So ultimately I'd expect fm_cli to be a wrapper around libredfish / redfishtool
http://github.com/DMTF/RedFishTool etc that just makes it a bit easier to poke
with common commands.

I'm far from an expert of redfish so may have this all wrong.

> 
> Discover - discover available agents
> Subcommands:
>     - fm_cli discover fm - discover FM instances

If we are allowing more than one FM then I'd expect all the
other commands to be directed at that by some sort of FM specific
ID. If only one, what does this command do that isn't better
done with fm get_info


>     - fm_cli discover cxl_devices - discover CXL devices
>     - fm_cli discover logical_devices - discover logical devices

Discover switches as well.

> 
> FM - manage Fabric Manager
> Subcommands:
>     - fm_cli fm get_info - get FM status/info
>     - fm_cli fm start - start FM instance
>     - fm_cli fm restart - restart FM instance
>     - fm_cli fm stop - stop FM instance
>     - fm_cli fm get_config - get FM configuration
>     - fm_cli fm set_config - set FM configuration

I'd keep this slim for now.  No idea what FM config we might want to
set so don't bother listing command yet.

>     - fm_cli fm get_events - get event records
Not sure what FM would have in the way of events (as opposed to
things it is talking to).

> 
> Switch - manage CXL switch
> Subcommands:
>     - fm_cli switch get_info - get CXL switch info/status

These all need an ID field of some type to identify which switch.
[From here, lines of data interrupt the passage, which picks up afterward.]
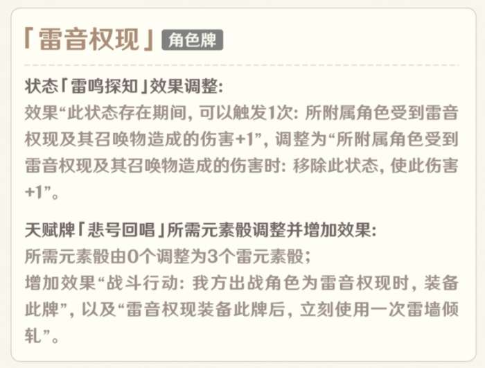 雷音权现无疑是4.3版本表现最亮眼的新角色,在各种体系的快攻卡组中都能登场,其核心竞争力在于每回合1次的稳定增伤,另外附赠一个锁头效果。众所周知3.3以后,新角色登场的第二个版本就被削弱这是史无前例的。不过你看这削弱削了么?如削。第一项调整砍了锁头效果,现在雷音权现每回合只有一次锁头机会,第二项把一个随时能装备的天赋牌改成了战技相关,实际上的数值效果却没有任何调整。这两项改动势必会影响到雷音权现配队及运营的灵活性,但并不影响其核心竞争力也就是高数值强进攻,因此雷音权现并不会因此而受到太大打击。
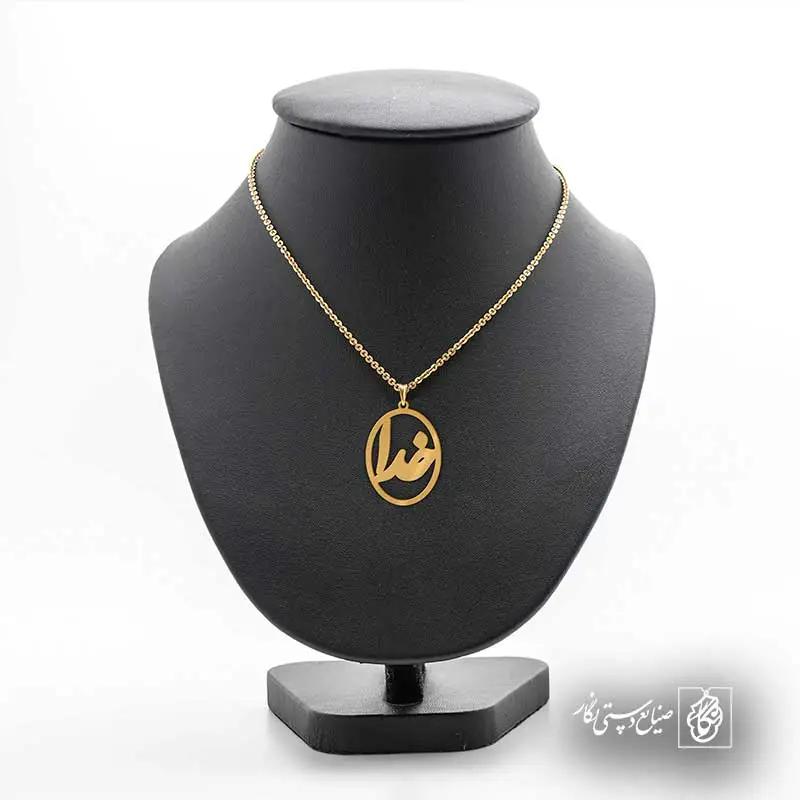 گردنبند خدا کد 6259 از جنس استیل ضدزنگ و ضد حساسیت با رنگ ثابت توسط زیورآلات نگار طراحی و ساخته شده است. این گردنبند با ضخامت 1 میلیمتر در ابعاد 2.5 تا 4 سانتیمتر نسبت به سفارش مشتری قابل ساخت است. تمام محصولات در فروشگاه زیورآلات نگار بعد از خرید ساخته میشود و بین 7 تا 15 روز به دست شما مشتریان گرامی میرسد.
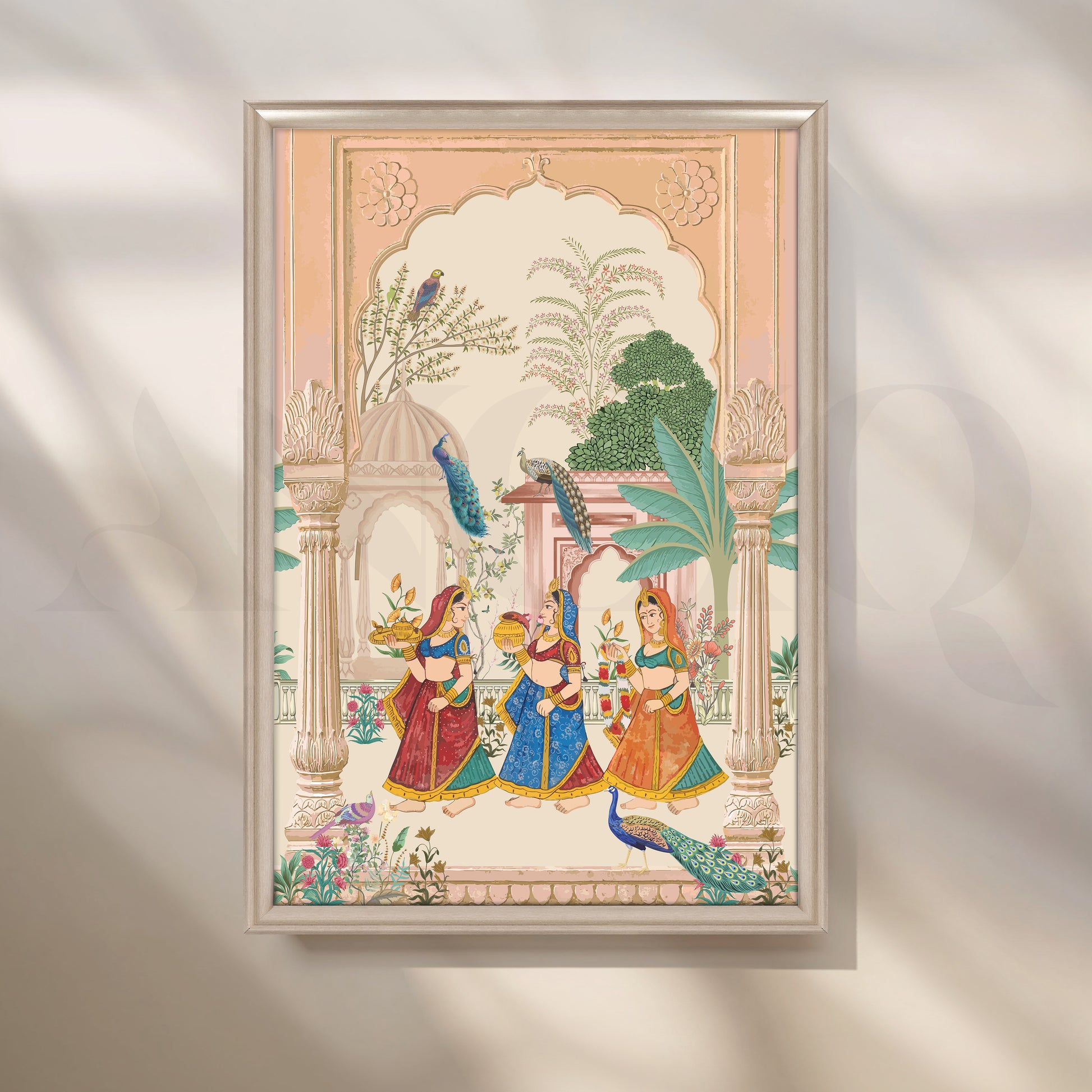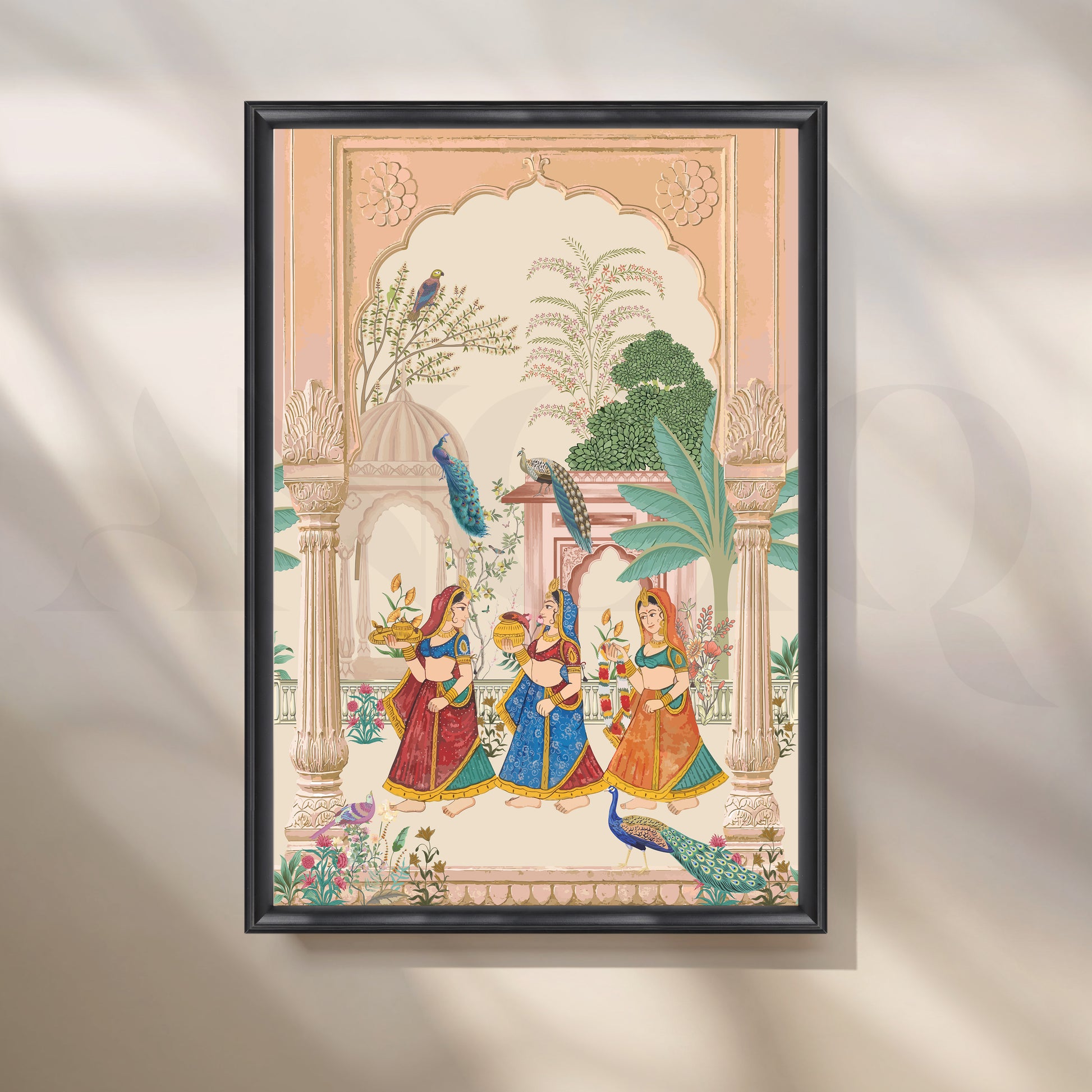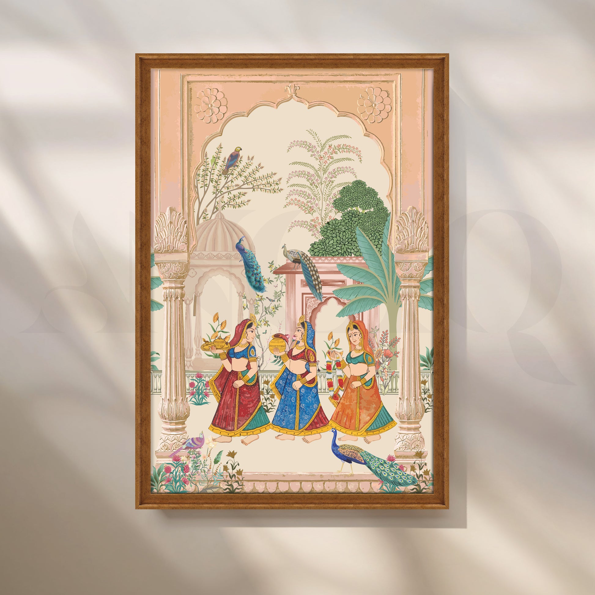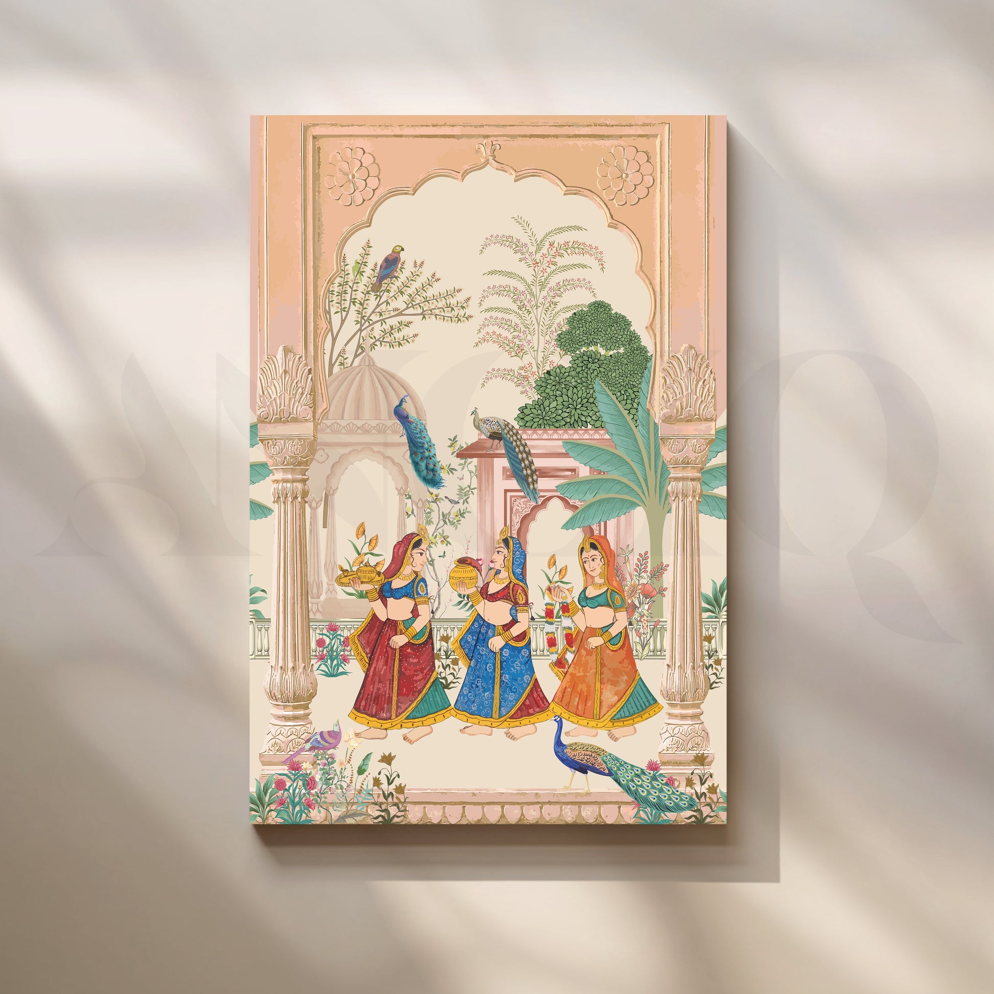This vibrant canvas print depicts a lively scene of three women adorned in traditional attire, carrying offerings as they walk through an ornate courtyard. Surrounded by lush greenery and majestic peacocks, the artwork captures the essence of cultural tradition and the beauty of communal celebration. A delightful addition for those who cherish heritage and the artistry of festive moments.
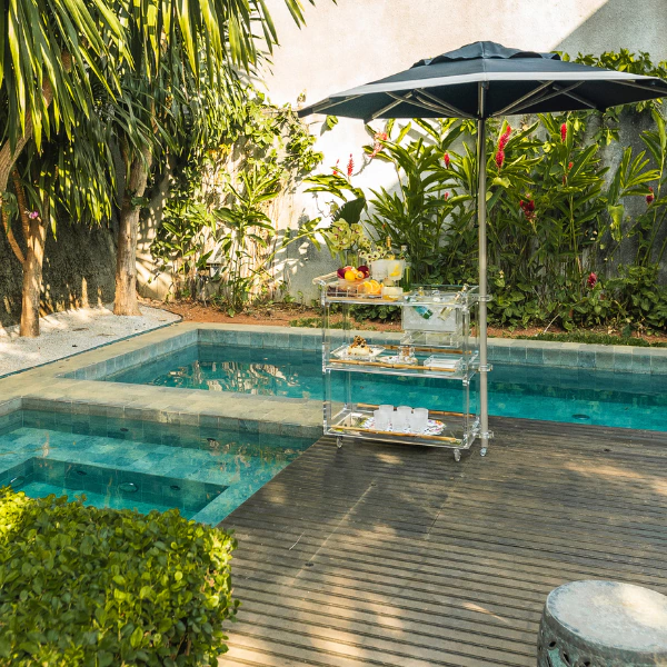 O design elegante do carrinho conta com três espaços para dispor suas bebidas e aperitivos, permitindo que você sirva com facilidade. O cooler integrado, perfeito para manter suas bebidas sempre geladas, garante que seus convidados desfrutem de refrescos em qualquer ocasião. Completo com um ombrelone que proporciona sombra e conforto, este carrinho não é apenas funcional, mas também um verdadeiro destaque em suas recepções.

>     - fm_cli switch get_config - get switch configuraiton
>     - fm_cli switch set_config - set switch configuration
> 
> Logical Device - manage logical devices
> Subcommands:
>     - fm_cli multi_headed_device info - retrieves the number of heads, number of
>            supported LDs, and Head-to- LD mapping of a Multi-Headed device
>     - fm_cli logical_device bind - bind logical device
>     - fm_cli logical_device unbind - unbind logical device
>     - fm_cli logical_device connect - connect Multi Logical Device to CXL switch
>     - fm_cli logical_device disconnect - disconnect Multi Logical Device from CXL switch
>     - fm_cli logical_device get_allocation - Get LD Allocations (retrieves the memory
>            allocations of the MLD)
>     - fm_cli logical_device set_allocation - Set LD Allocations (sets the memory allocation
>            for each LD)
>     - fm_cli logical_device get_qos_control - Get QoS Control (retrieves the MLD’s QoS
>            control parameters)
>     - fm_cli logical_device set_qos_control - Set QoS Control (sets the MLD’s QoS control
>            parameters)
>     - fm_cli logical_device get_qos_status - Get QoS Status (retrieves the MLD’s QoS Status)
>     - fm_cli logical_device get_qos_allocated_bandwidth - Get QoS Allocated Bandwidth
>           (retrieves the MLD’s QoS allocated bandwidth on a per-LD basis)
>     - fm_cli logical_device set_qos_allocated_bandwidth - Set QoS Allocated Bandwidth
>           (sets the MLD’s QoS allocated bandwidth on a per-LD basis)
>     - fm_cli logical_device get_qos_bandwidth_limit - Get QoS Bandwidth Limit (retrieves the
>           MLD’s QoS bandwidth limit on a per-LD basis)
>     - fm_cli logical_device set_qos_bandwidth_limit - Set QoS Bandwidth Limit (sets the
>           MLD’s QoS bandwidth limit on a per-LD basis)
>     - fm_cli logical_device erase - secure erase after unbinding
> 
> PCI-to-PCI Bridge - manage PPB (PCI-to-PCI Bridge)
> Subcommands:
>     - fm_cli ppb config - Send PPB (PCI-to-PCI Bridge) CXL.io Configuration Request

That one may want a more convenient interface as likely a lot of commands would be sent
if aim is to configure a device before binding.  Also CXL.io Memory requests want to be
here I think.

>     - fm_cli ppb bind - Bind vPPB (Virtual PCI-to-PCI Bridge inside a CXL switch that is
>            host-owned)
>     - fm_cli ppb unbind - Unbind vPPB (unbinds the physical port or LD from the virtual
>            hierarchy PPB)
> 
> Physical Port - manage physical ports
> Subcommands:
>     - fm_cli physical_port get_info - get state of physical port
>     - fm_cli physical_port control - control unbound ports and MLD ports, including issuing
>            resets and controlling sidebands
>     - fm_cli physical_port bind - bind physical port to vPPB (Virtual PCI-to-PCI Bridge)
>     - fm_cli physical_port unbind - unbind physical port from vPPB (Virtual PCI-to-PCI Bridge)
> 
> MLD (Multi-Logical Device) Port - manage Multi-Logical Device ports
> Subcommands:
>     - fm_cli mld_port tunnel - Tunnel Management Command (tunnels the provided command
>            to LD FFFFh of the MLD on the specified port)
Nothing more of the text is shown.